Given data:
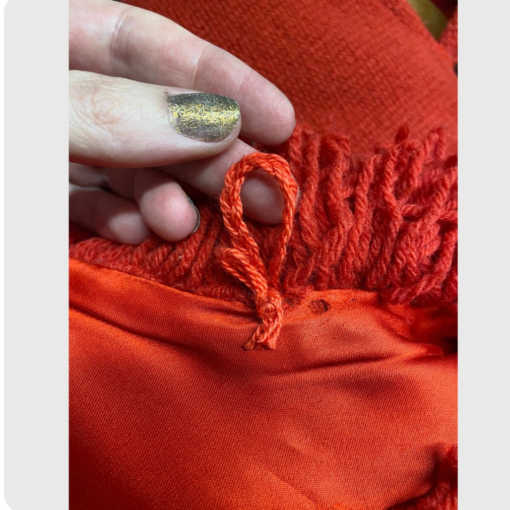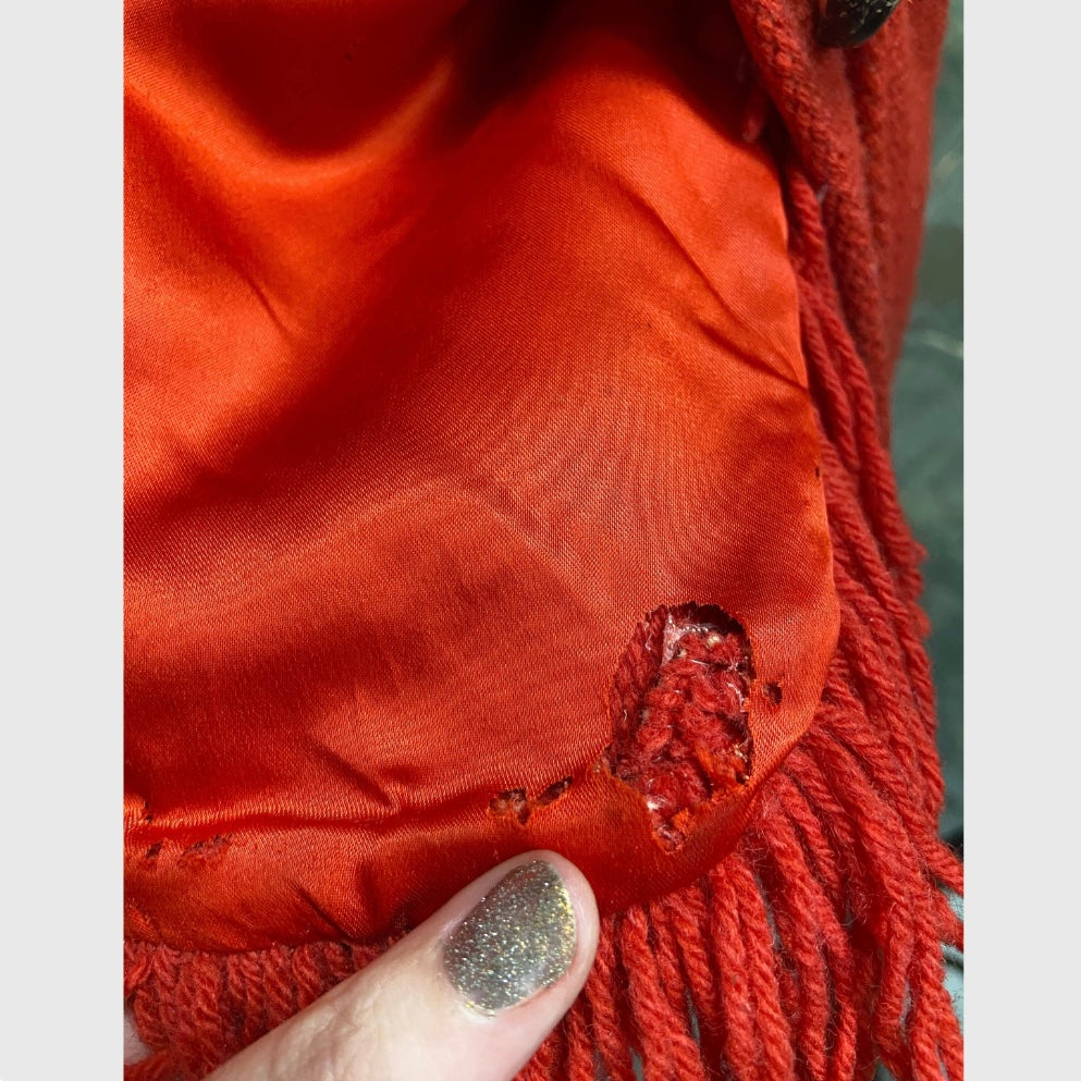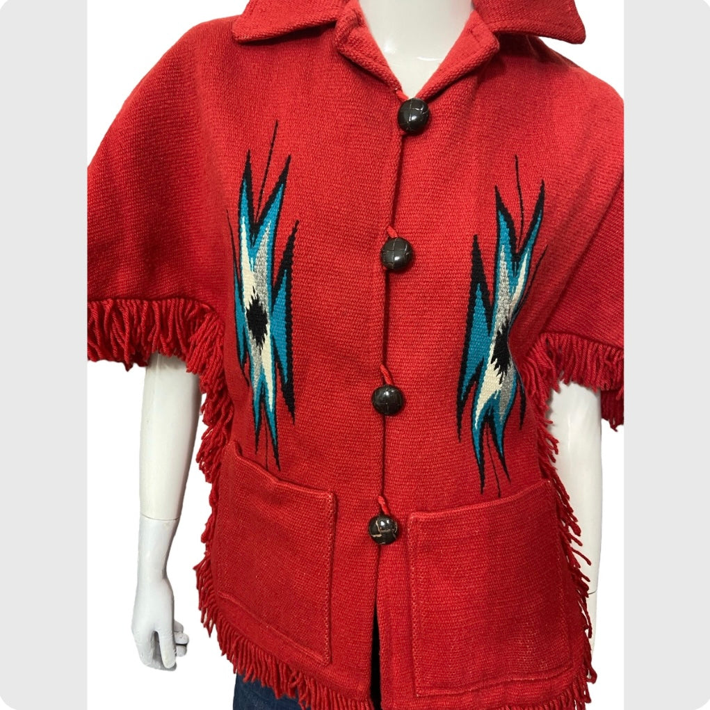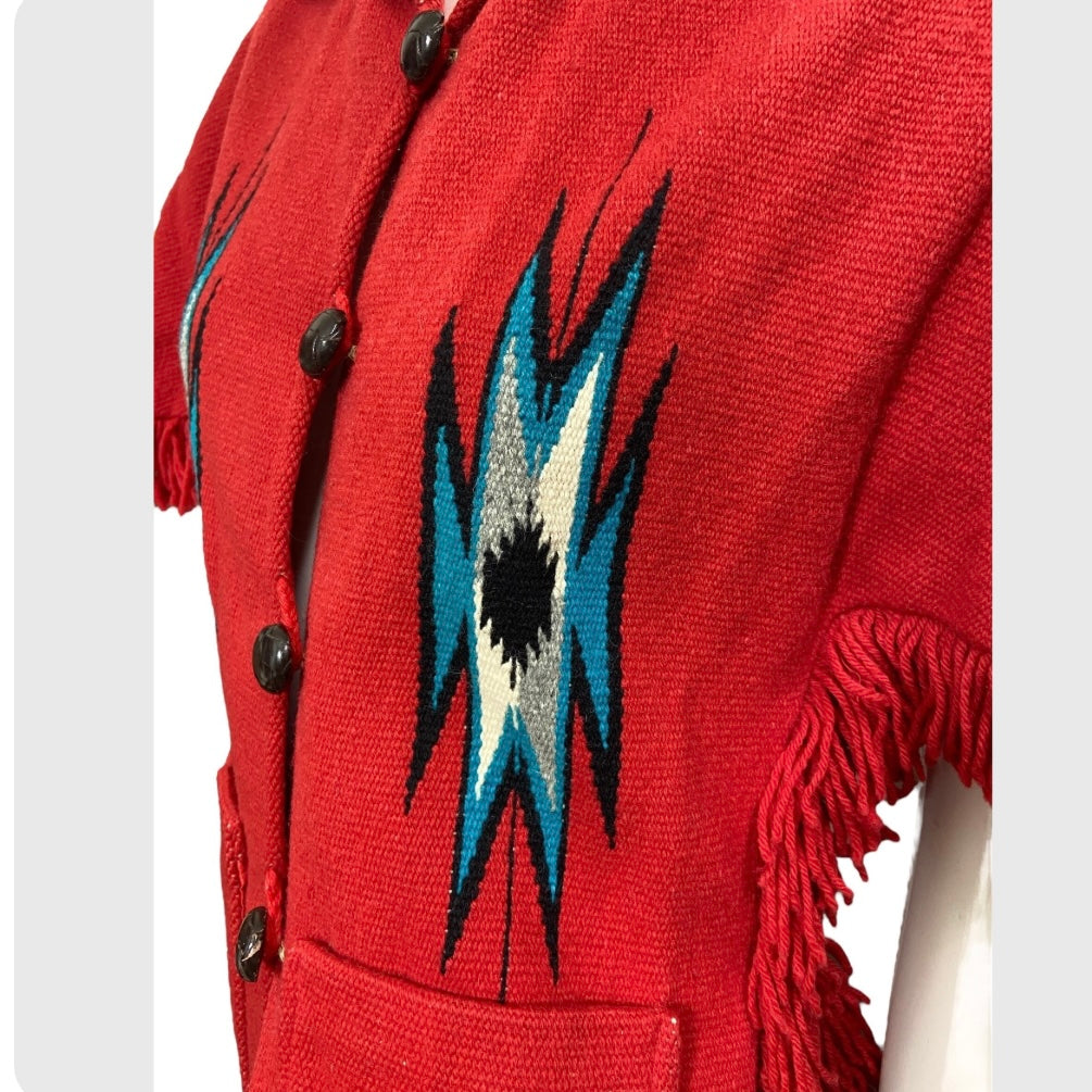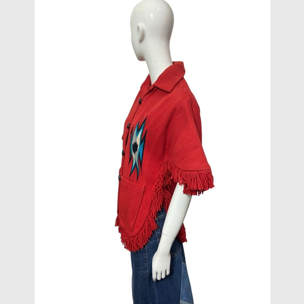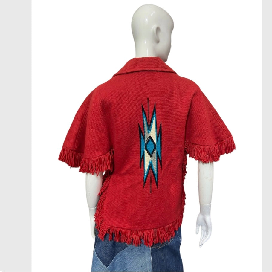 50’s Red Wool Chimayo Poncho Style Jacket with Fringe Trim
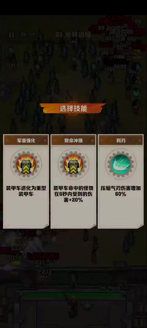 基础战力100,攻击力只有10,攻击力好像只和装备有关,像头盔,护臂,衣服,裤子,手套,足部,阶数越高、等级越高,攻击力越强。不过怪物血量是真离谱,20关,一个怪少说也有5000血,太离谱了。。。。
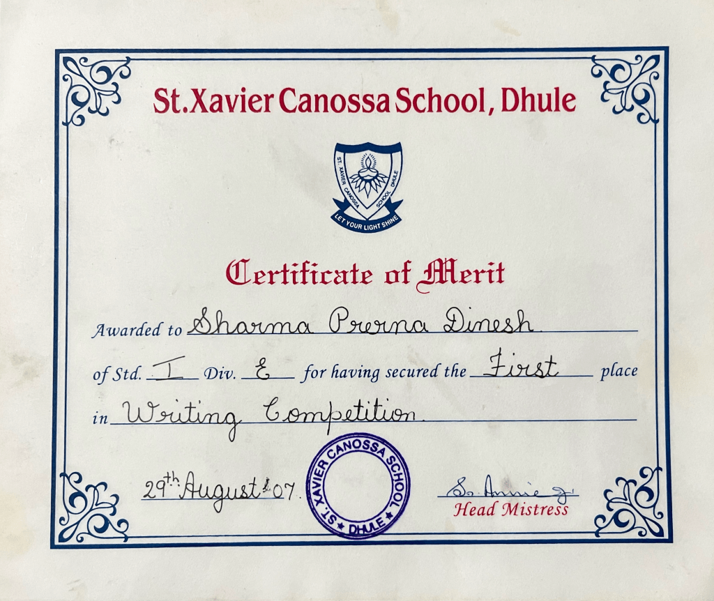 I was in Std X and my sister in Std I, 9 years apart. I was beginning the end of my school journey and Prerna was getting started!

Try it:
In your copy, the listing above should appear word for word, with no images.

Reply to the task:
 50’s Red Wool Chimayo Poncho Style Jacket with Fringe Trim
 基础战力100,攻击力只有10,攻击力好像只和装备有关,像头盔,护臂,衣服,裤子,手套,足部,阶数越高、等级越高,攻击力越强。不过怪物血量是真离谱,20关,一个怪少说也有5000血,太离谱了。。。。
 I was in Std X and my sister in Std I, 9 years apart. I was beginning the end of my school journey and Prerna was getting started!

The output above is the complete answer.